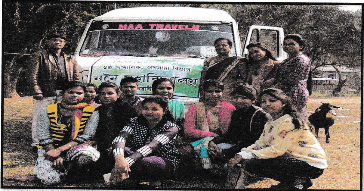
Students & Teachers in Educational Tour
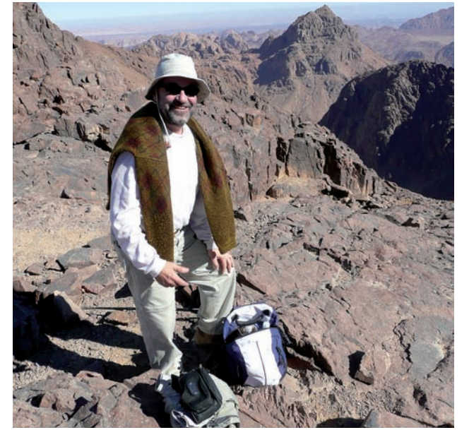
Camí del pic de Santa Caterina.

No cal dir que tinguérem estones comunitàries d'explicació, comentari, tertúlia i celebració. Rellegírem l'Èxode i férem comentari de tots els seus miracles, començant per les plagues d'Egipte, el pas del Mar Roig, les aigües de Mara, el manà, les guatlles, l'aigua de la roca, l'esbarzer incandescent, la muntanya cremant en la teofania del Decàleg, els textos d'Egèria, i recordàrem el pas del monjo montserratí Bonaventura Ubach per aquest monestir. Vam visitar alguna ermita de la mun-

◆ ◆ ◆ ◆ ◆

Your assignment :: Everything in the material except the pictures should be restated word for word.

Answer section ::
Students & Teachers in Educational Tour
Camí del pic de Santa Caterina.

No cal dir que tinguérem estones comunitàries d'explicació, comentari, tertúlia i celebració. Rellegírem l'Èxode i férem comentari de tots els seus miracles, començant per les plagues d'Egipte, el pas del Mar Roig, les aigües de Mara, el manà, les guatlles, l'aigua de la roca, l'esbarzer incandescent, la muntanya cremant en la teofania del Decàleg, els textos d'Egèria, i recordàrem el pas del monjo montserratí Bonaventura Ubach per aquest monestir. Vam visitar alguna ermita de la mun-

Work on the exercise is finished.